Cyclepath,I am not sure how far your views go re these issues (takes time to 'know' people) - some people go right off the deep end and I cannot vibe with a lot of unpleasant hardline ideas.

But personally I have no problem calling any type of backward and regressive ideology what it is - backward and regressive.

Afghanistan as it was once upon a time, before fundamentalism, was not so backward and regressive. It was a place many western backpackers visited in the 60s, 70s and 80s (I know, I know the ganja was good). It was like any of the more traditional and religious societies eg Morocco, Egypt, which have their own cohesive beauty and grace, just like India etc, which may seem now somewhat backwards to us who are used to very liberal cultures.

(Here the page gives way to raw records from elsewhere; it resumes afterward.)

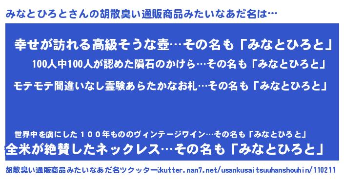 | 恥ずかしいあだ名 | 『プリティーみなとひろと』『みなっちょ』 |
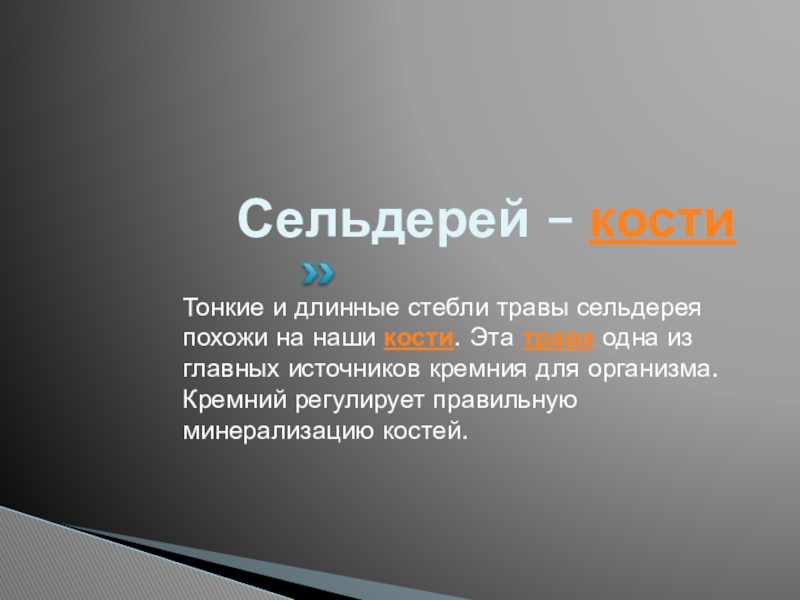 Тонкие и длинные стебли травы сельдерея похожи на наши кости. Эта трава одна
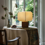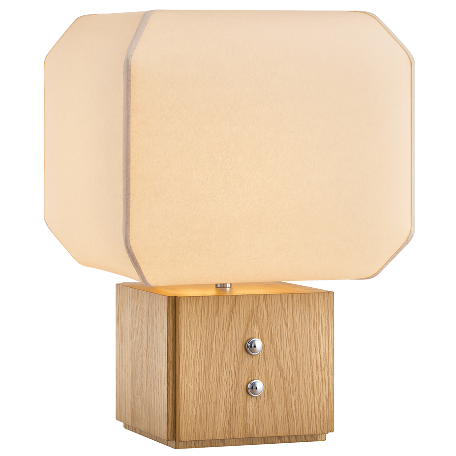 The Brice Table Lamp is a study in contrastpairing lightness and structure through a sculptural, design-forward silhouette. A handmade paper voluminous shade, appears to gently billow from its solid white oak base, evoking a sense of quiet movement. Decorative Polished Nickel buttons lend a subtle detail that elevates the piece with just the right edge. On/off switch located on cord.
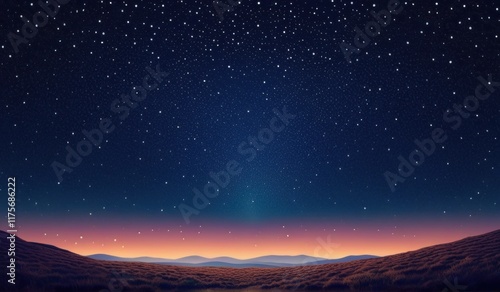 Fototapeta premium A surreal landscape with a field of glowing a crescent moon, and a starry sky
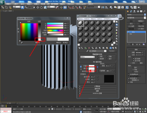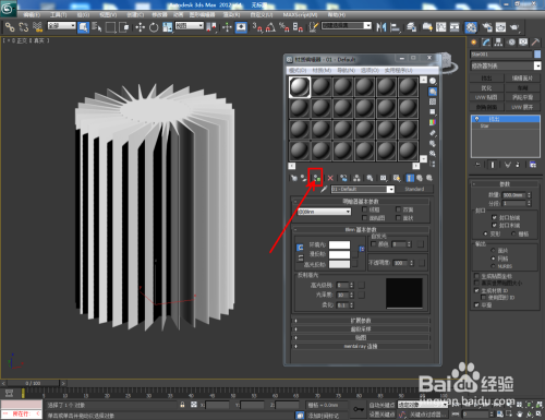 点击【材质编纂器】,按图示设置一个白色材质球并附加给模子即可。这样我们的双圆扭曲二十九角星柱就建造完当作了,赶紧尝尝吧!

Even such traditional societies enabled women to express ambitions - they have been female teachers, doctors, scientists, Prime Ministers, leaders etc in such societies.
These traditional societies can be very protective of women, keeping them cloistered to a certain extent, which can depend on family opinions. Some of this is grounded in a genuine desire to protect their girls from attack and abuse - throughout human history women and girls have not generally been able to walk freely through the world, due to strong possibility of sexual attack. The fact that girls and women can in the west, generally speaking, is a huge advance in human civilisation.

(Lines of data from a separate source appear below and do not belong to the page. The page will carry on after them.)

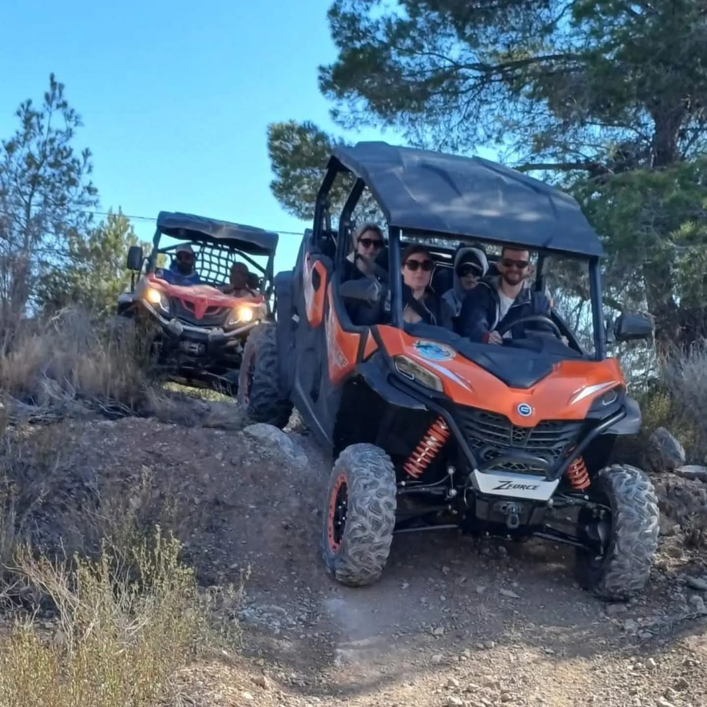 Gracias a los buggies biplaza y de 4 plazas, es una excursión perfecta para familias y grupos que quieran compartir vehículo y experiencia, disfrutando tanto del trayecto como del destino. Es la opción ideal si buscas una ruta en buggy larga desde Benidorm, más orientada a paisaje y confort, sin renunciar a la emoción de la conducción.
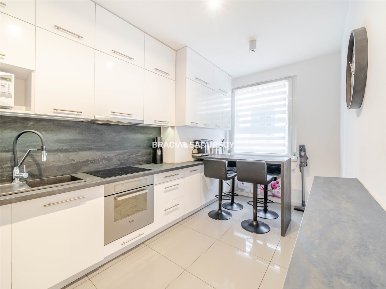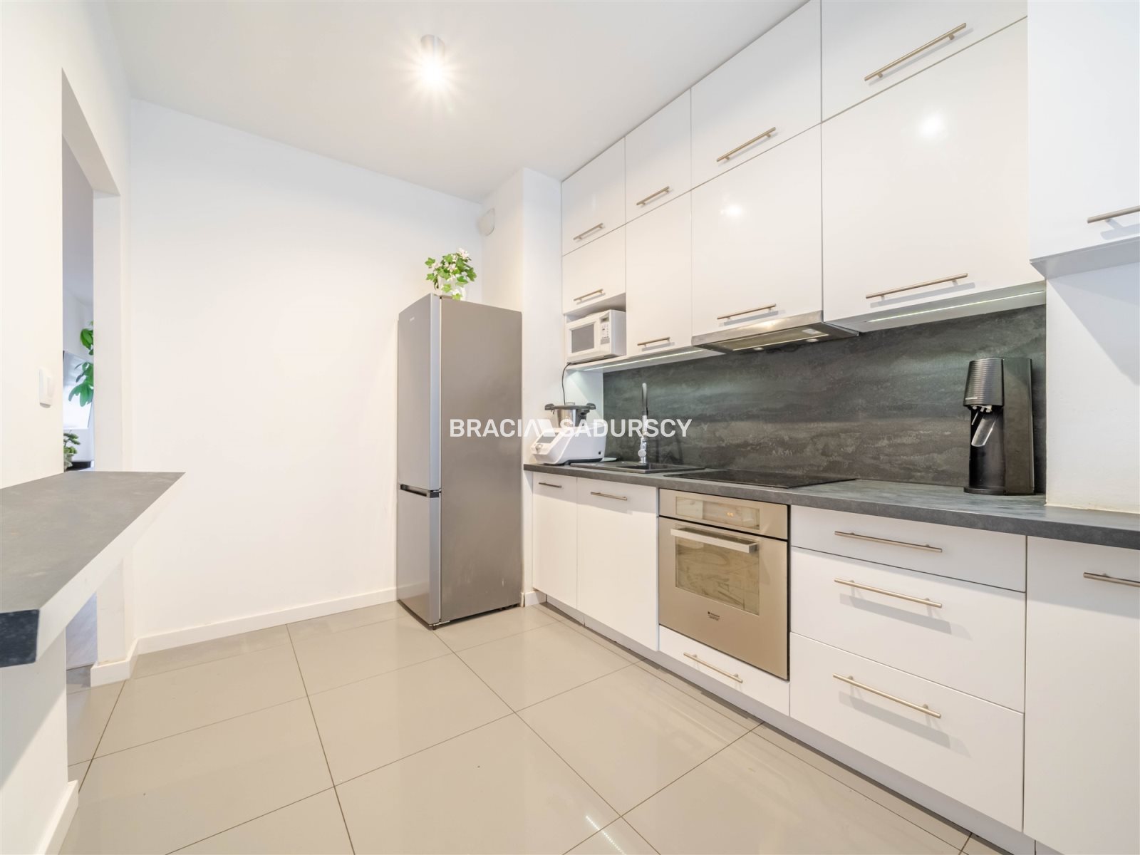 Kuchnia oddzielna, jasna, z oknem z nowoczesną zabudową oraz sprzętem AGD (piekarnik, płyta indukcyjna, okap, lodówka z zamrażarką, zmywarka).
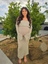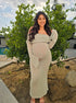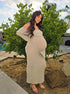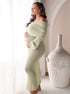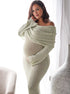 Beaumama robes longue grossesse tricot col bateau manches trompette élégant femme enceinte
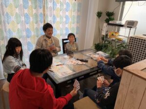 寺子屋で勉強の合間にみんなでトランプをして交流をはかる様子
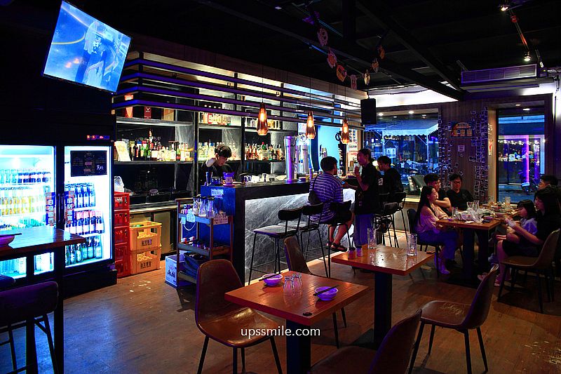 店內一景,分成好幾區座位,木桌搭配塑膠椅,很唯美,特別營造酒吧氣氛,讓人可小酌。
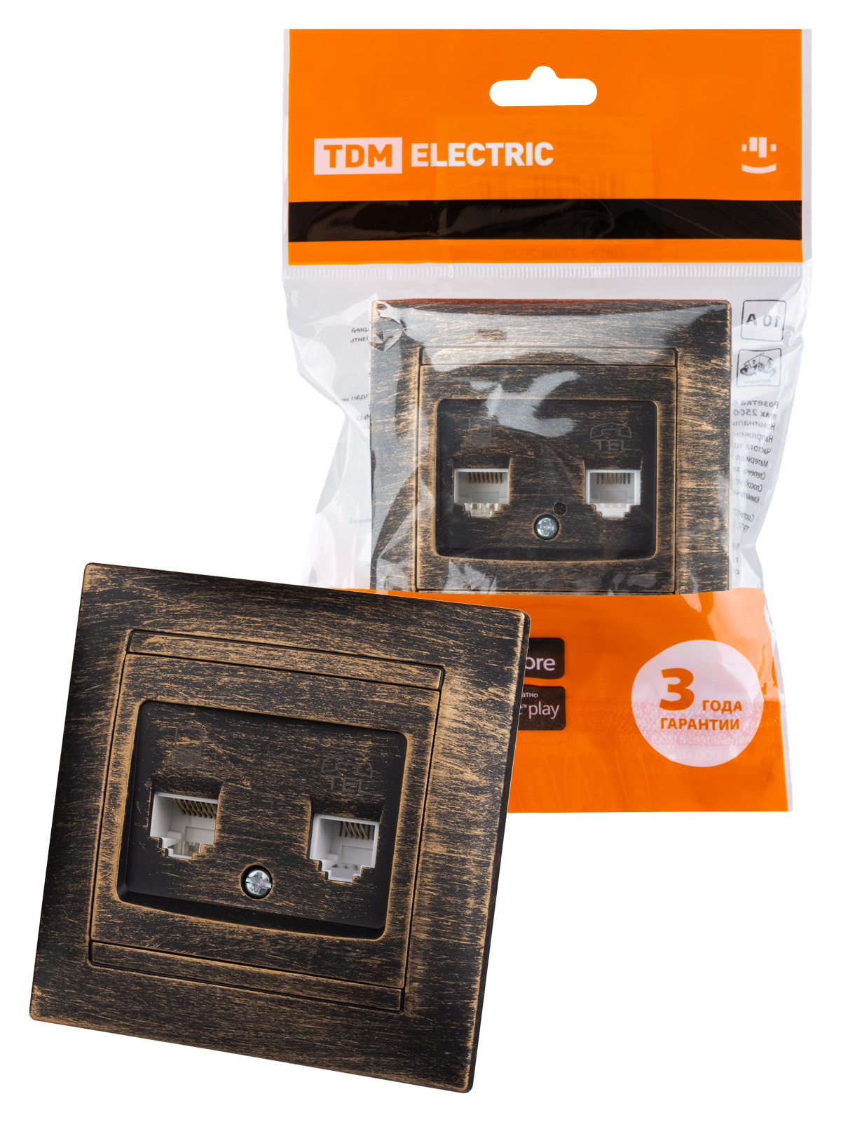 Наименование: Розетка телефонная RJ11 + компьютерная RJ45 старинная бронза "Лама" TDM
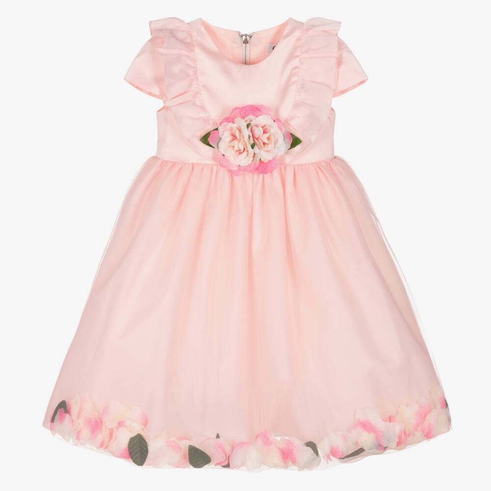 Delightful for special occasions, this light pink dress for girls is by luxury brand, Graci. Blooming with volume, the tulle skirt has artificial petals inside for a pretty look. The cotton voile bodice has ruffled trims, pairing beautifully with a removable floral brooch. It fastens with a zip at the back, and has a soft voile lining, with a tulle attachment.
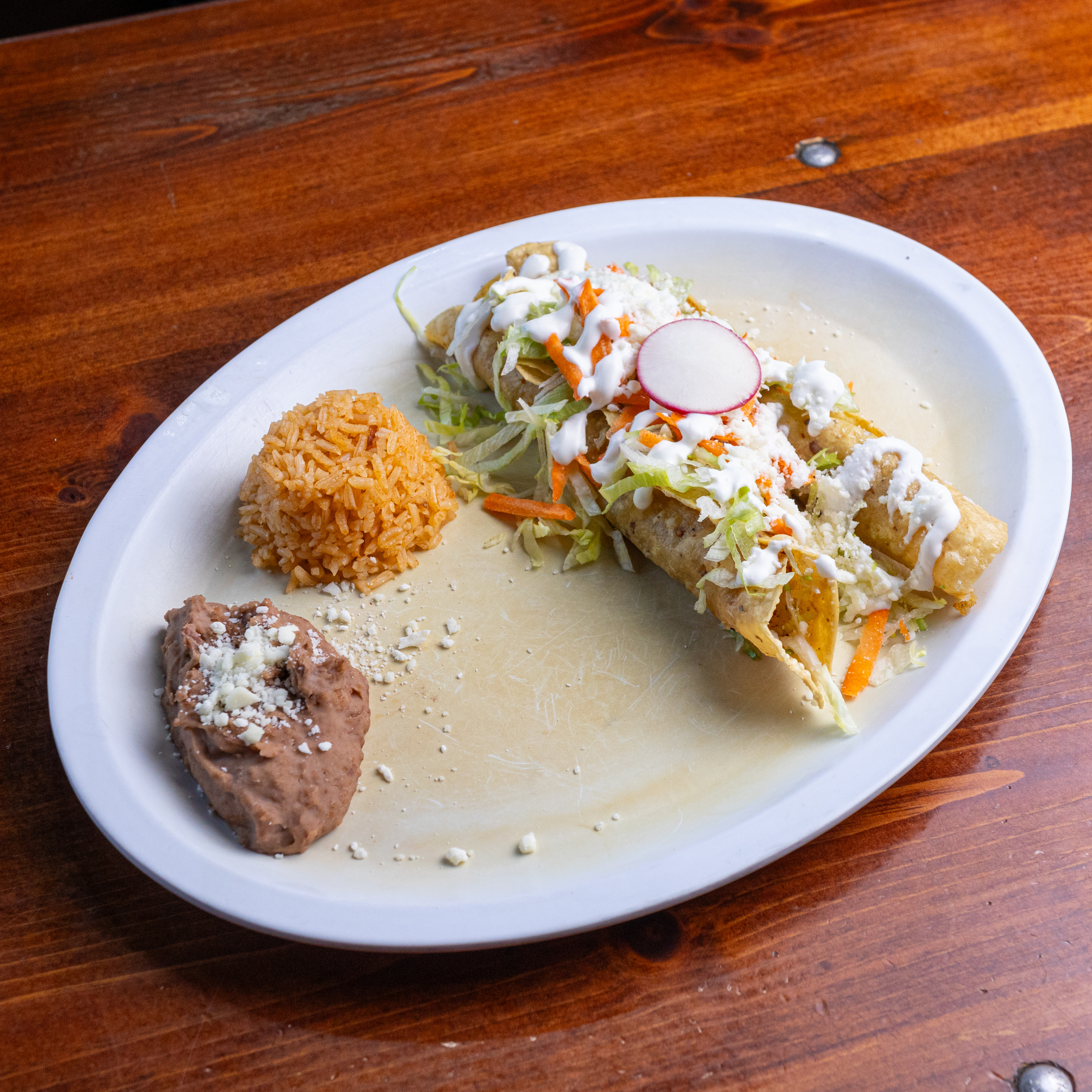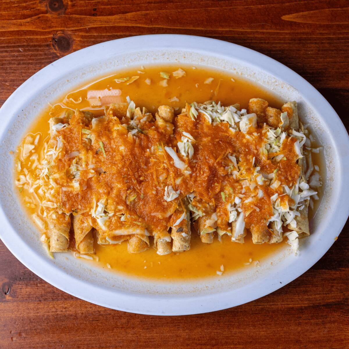 6 Flautas crujientes rellenas, porción perfecta para una comida ligera.

There is a long arc of nuance between a society (like ours) where girls are sexualised from childhood with a pop culture that promotes their sexual body as their main tool of expression and a society where girls are kidnapped at 12 as sex slaves, or gang raped as in India. These are two extremes, one more dangerous obviously than the other, but both trading on a base line of human desire. Or debased maybe is the word.

Somewhere in the average and middle portion of that broad arc people can argue about back and forth about what is ''good'' and what is ''bad'' .
But at the end of that arc where women are kept indoors, refused education, genitally mutilated, married young, and at the extremes treated as pieces of meat to be kidnapped or gang raped, I think we can all easily say backward and regressive. I have no time for cultural relativism.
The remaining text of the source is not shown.